» **BRIEF**
Exactly the lines from the one containing "黒色 ビッグサイズ 大きいサイズ【ミリタリージャケット】/ブラック" through the one containing "Náušnice jsou vyrobeny" in the listing below are to be copied, with the pictures left out.

BEGIN PROVIDED RECORDS

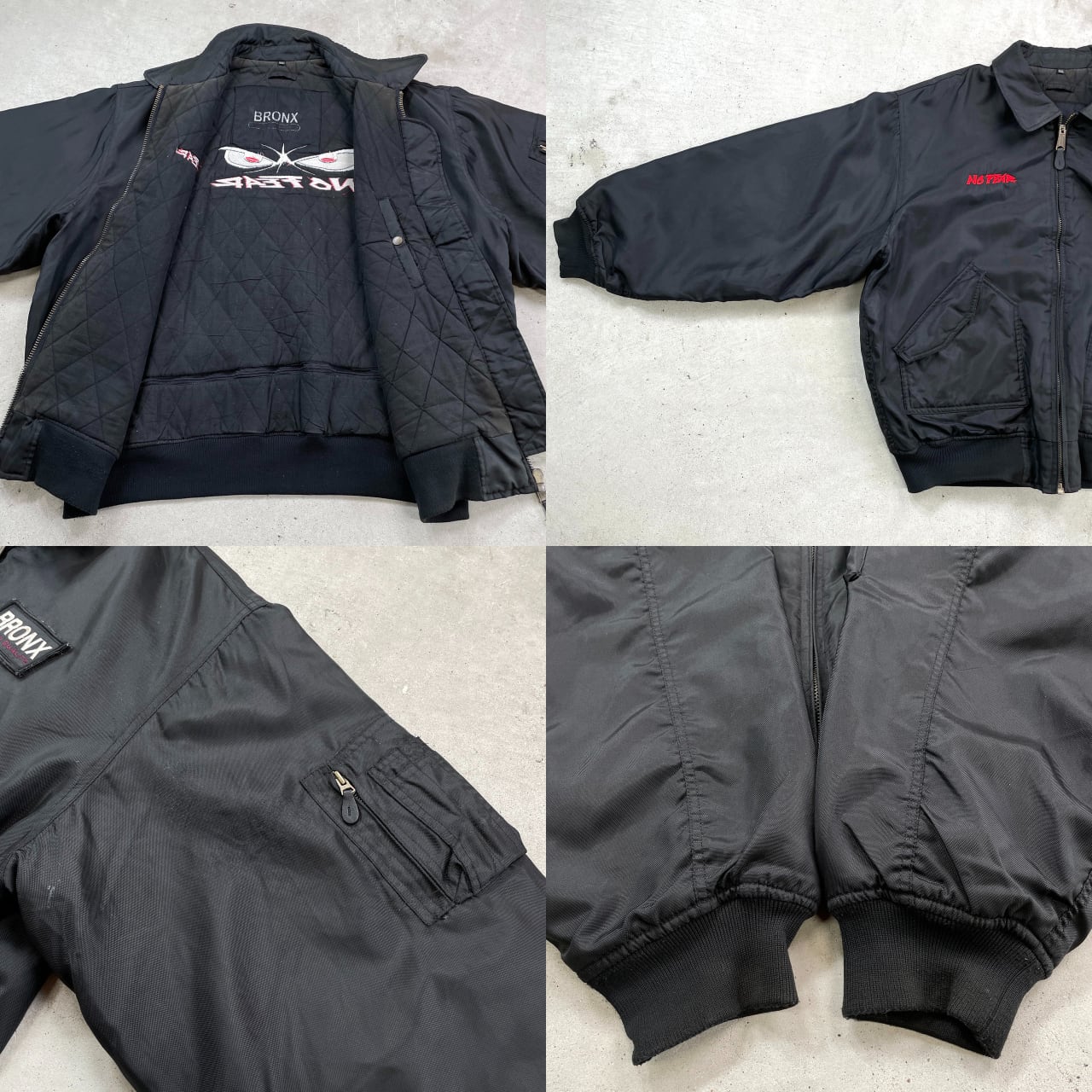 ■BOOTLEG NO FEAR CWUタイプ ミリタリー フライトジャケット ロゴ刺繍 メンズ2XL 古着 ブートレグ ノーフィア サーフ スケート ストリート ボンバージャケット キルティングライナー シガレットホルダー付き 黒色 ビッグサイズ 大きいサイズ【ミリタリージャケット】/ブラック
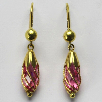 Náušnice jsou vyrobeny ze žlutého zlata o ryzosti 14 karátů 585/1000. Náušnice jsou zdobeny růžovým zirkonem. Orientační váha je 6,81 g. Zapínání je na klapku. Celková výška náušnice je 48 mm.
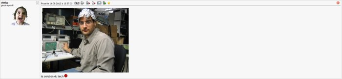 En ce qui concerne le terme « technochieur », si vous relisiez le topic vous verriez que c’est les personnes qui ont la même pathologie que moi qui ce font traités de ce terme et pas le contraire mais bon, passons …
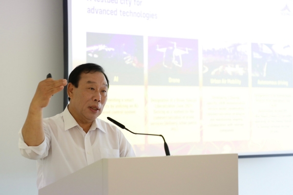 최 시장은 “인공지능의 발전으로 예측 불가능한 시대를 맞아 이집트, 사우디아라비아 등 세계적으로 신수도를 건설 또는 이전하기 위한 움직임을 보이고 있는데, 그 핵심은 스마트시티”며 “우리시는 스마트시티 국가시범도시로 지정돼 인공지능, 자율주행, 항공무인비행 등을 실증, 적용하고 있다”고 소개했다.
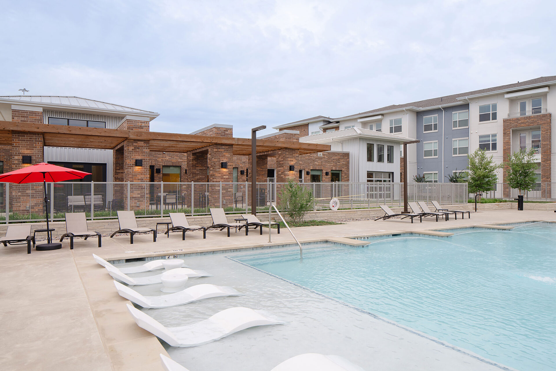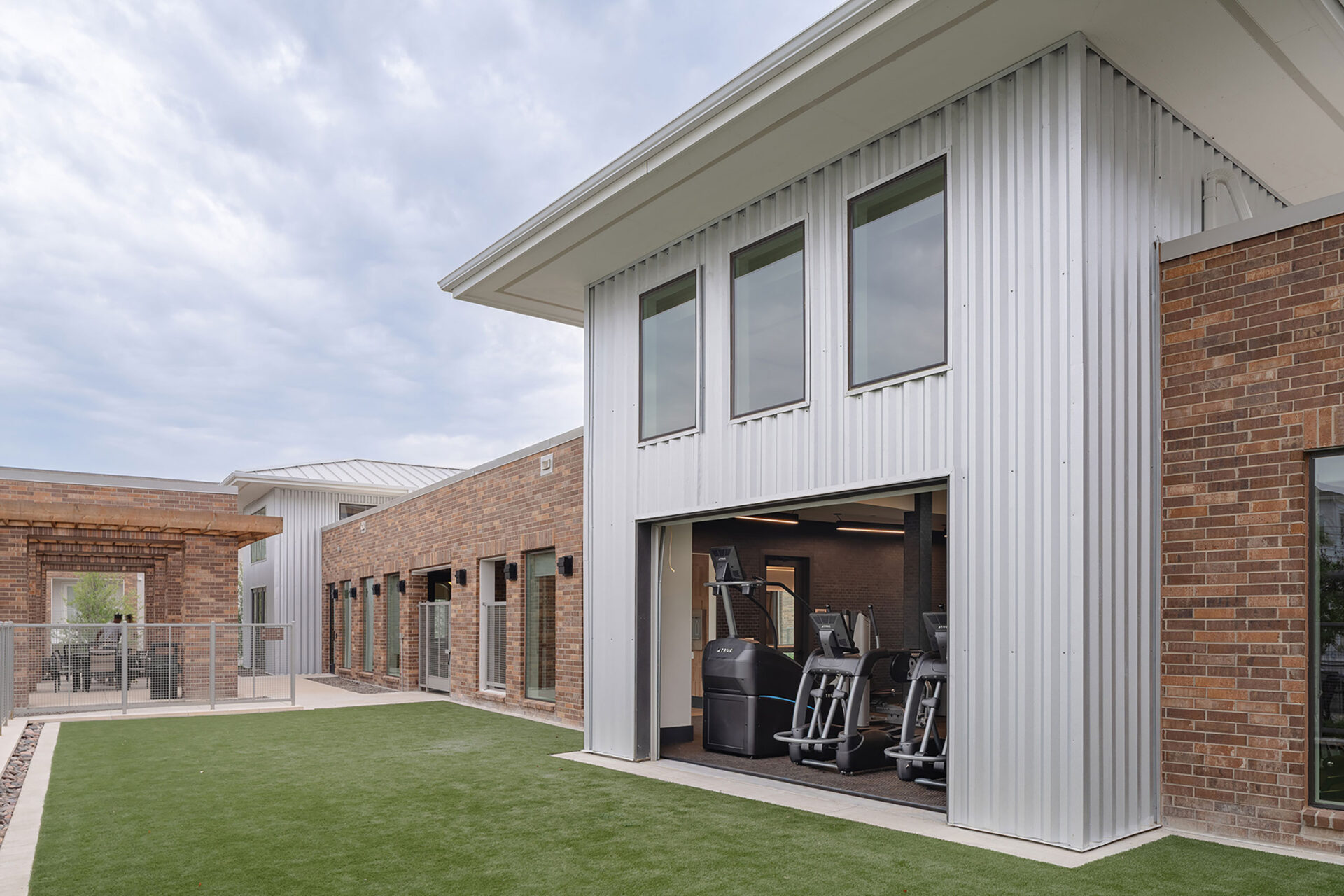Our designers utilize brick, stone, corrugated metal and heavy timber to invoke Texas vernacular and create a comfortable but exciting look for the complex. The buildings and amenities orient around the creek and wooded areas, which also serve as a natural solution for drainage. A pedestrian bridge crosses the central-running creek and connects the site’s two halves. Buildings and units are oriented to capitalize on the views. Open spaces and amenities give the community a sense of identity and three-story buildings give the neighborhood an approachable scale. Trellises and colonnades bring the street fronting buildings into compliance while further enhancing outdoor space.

END PROVIDED RECORDS
BEGIN PROVIDED RECORDS

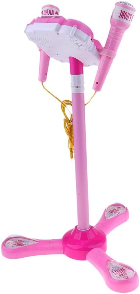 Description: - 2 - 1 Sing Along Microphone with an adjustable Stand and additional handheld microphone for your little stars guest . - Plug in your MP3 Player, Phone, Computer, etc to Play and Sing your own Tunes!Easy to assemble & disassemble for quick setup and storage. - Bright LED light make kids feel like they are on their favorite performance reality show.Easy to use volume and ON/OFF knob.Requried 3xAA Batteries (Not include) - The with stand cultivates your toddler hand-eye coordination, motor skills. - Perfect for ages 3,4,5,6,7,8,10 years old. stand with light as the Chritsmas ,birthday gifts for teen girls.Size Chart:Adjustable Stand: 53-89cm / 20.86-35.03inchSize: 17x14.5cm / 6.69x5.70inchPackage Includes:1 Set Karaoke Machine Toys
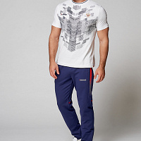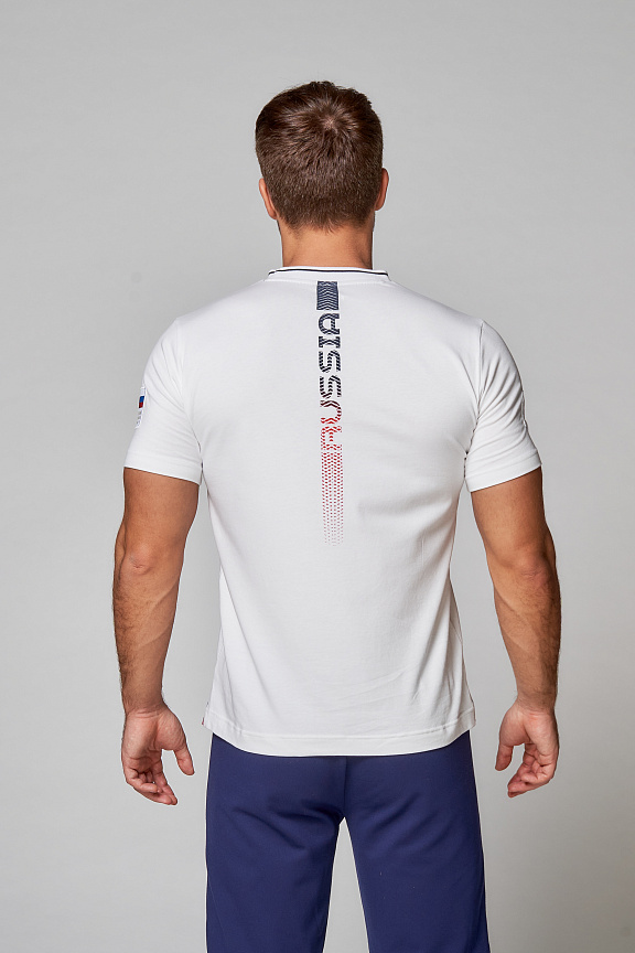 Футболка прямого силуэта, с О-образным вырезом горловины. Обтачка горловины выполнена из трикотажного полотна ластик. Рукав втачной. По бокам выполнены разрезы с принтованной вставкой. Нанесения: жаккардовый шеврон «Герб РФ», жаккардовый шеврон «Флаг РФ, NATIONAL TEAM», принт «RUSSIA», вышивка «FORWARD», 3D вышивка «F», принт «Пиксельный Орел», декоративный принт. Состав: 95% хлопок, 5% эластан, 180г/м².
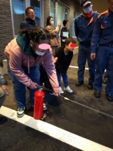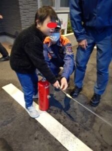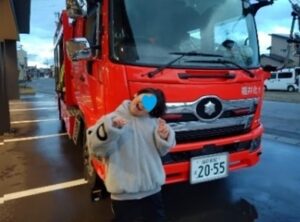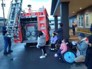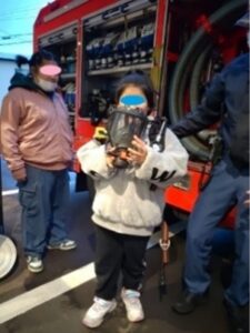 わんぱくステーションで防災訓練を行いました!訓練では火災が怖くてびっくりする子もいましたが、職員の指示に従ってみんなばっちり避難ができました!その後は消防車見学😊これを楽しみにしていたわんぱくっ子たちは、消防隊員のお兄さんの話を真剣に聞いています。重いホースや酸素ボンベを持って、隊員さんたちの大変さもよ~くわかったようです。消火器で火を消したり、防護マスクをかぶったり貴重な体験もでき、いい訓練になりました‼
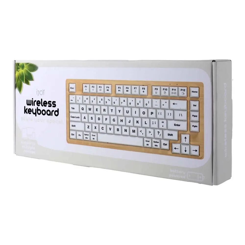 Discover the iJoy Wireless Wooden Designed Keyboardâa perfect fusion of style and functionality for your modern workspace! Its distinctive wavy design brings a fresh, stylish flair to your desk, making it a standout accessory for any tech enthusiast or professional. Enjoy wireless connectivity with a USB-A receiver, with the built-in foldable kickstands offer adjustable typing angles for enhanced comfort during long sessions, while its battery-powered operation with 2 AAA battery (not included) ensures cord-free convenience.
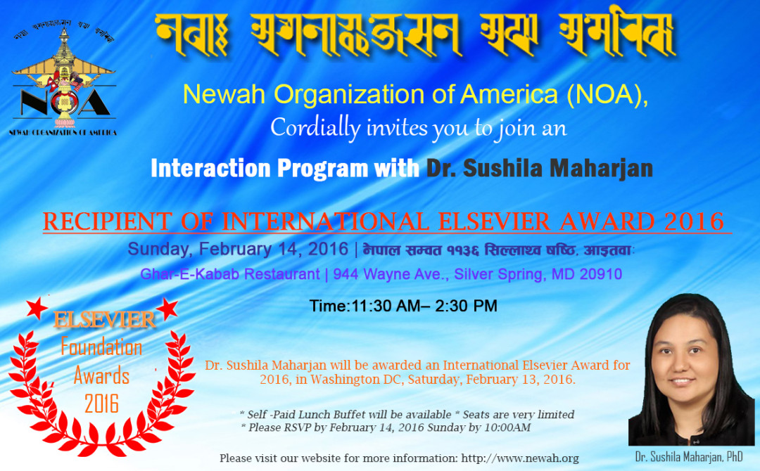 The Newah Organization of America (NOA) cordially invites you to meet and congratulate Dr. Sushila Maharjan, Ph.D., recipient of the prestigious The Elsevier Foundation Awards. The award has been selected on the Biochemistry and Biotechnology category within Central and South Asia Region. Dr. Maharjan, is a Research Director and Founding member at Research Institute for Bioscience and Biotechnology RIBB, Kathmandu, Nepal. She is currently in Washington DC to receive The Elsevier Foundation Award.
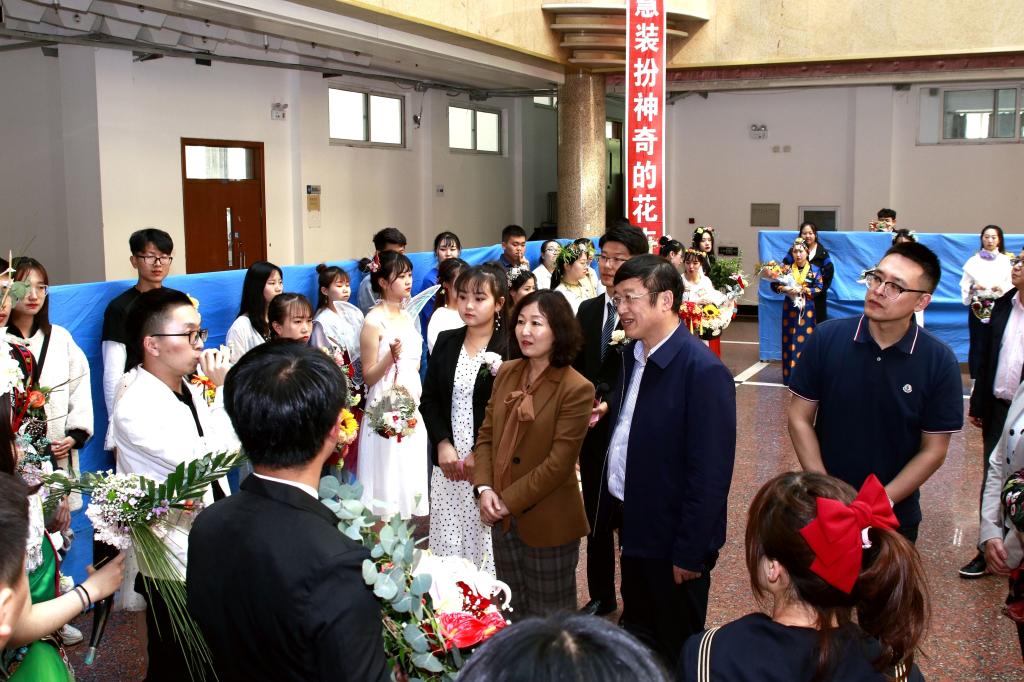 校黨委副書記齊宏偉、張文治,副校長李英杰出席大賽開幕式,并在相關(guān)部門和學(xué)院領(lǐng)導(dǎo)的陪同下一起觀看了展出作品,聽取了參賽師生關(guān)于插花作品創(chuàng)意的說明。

END PROVIDED RECORDS
BEGIN PROVIDED RECORDS

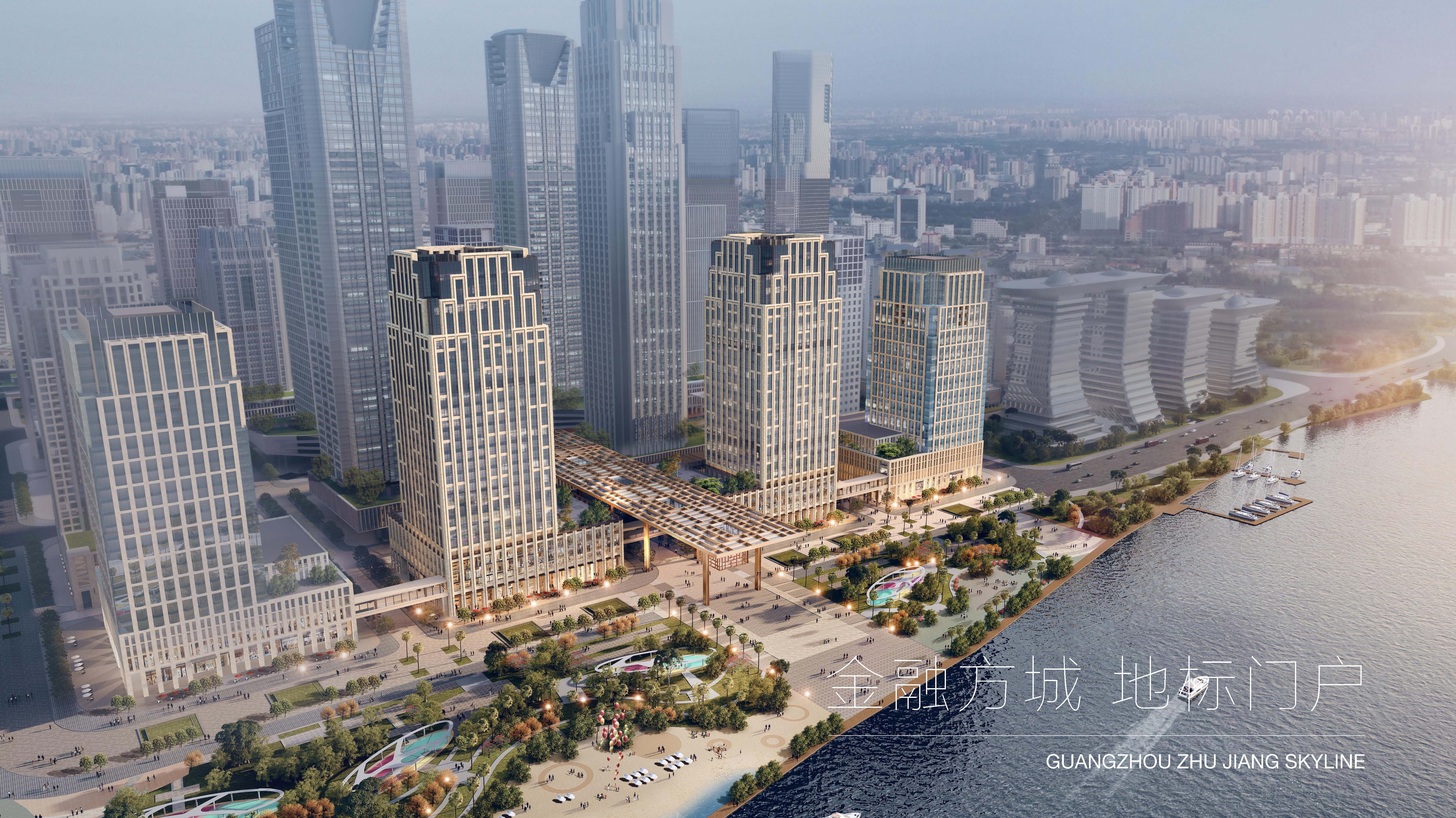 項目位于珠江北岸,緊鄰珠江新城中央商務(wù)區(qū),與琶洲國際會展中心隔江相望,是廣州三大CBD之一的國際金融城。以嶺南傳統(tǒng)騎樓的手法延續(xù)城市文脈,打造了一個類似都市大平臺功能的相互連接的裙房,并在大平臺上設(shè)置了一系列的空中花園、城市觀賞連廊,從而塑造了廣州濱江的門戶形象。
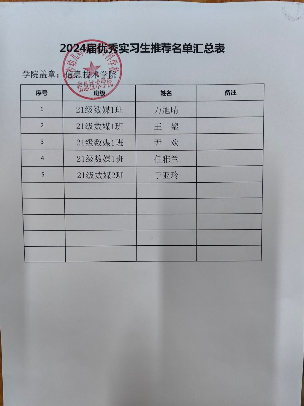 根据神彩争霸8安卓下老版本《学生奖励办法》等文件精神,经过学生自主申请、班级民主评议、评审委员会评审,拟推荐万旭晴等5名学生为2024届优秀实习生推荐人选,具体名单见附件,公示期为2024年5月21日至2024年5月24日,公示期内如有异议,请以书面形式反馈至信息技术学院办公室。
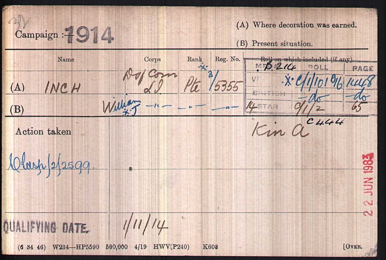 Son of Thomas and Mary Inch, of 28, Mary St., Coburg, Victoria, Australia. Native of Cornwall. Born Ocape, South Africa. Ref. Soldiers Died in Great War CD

END PROVIDED RECORDS

» **TASK RESULT**
 ■BOOTLEG NO FEAR CWUタイプ ミリタリー フライトジャケット ロゴ刺繍 メンズ2XL 古着 ブートレグ ノーフィア サーフ スケート ストリート ボンバージャケット キルティングライナー シガレットホルダー付き 黒色 ビッグサイズ 大きいサイズ【ミリタリージャケット】/ブラック
 Náušnice jsou vyrobeny ze žlutého zlata o ryzosti 14 karátů 585/1000. Náušnice jsou zdobeny růžovým zirkonem. Orientační váha je 6,81 g. Zapínání je na klapku. Celková výška náušnice je 48 mm.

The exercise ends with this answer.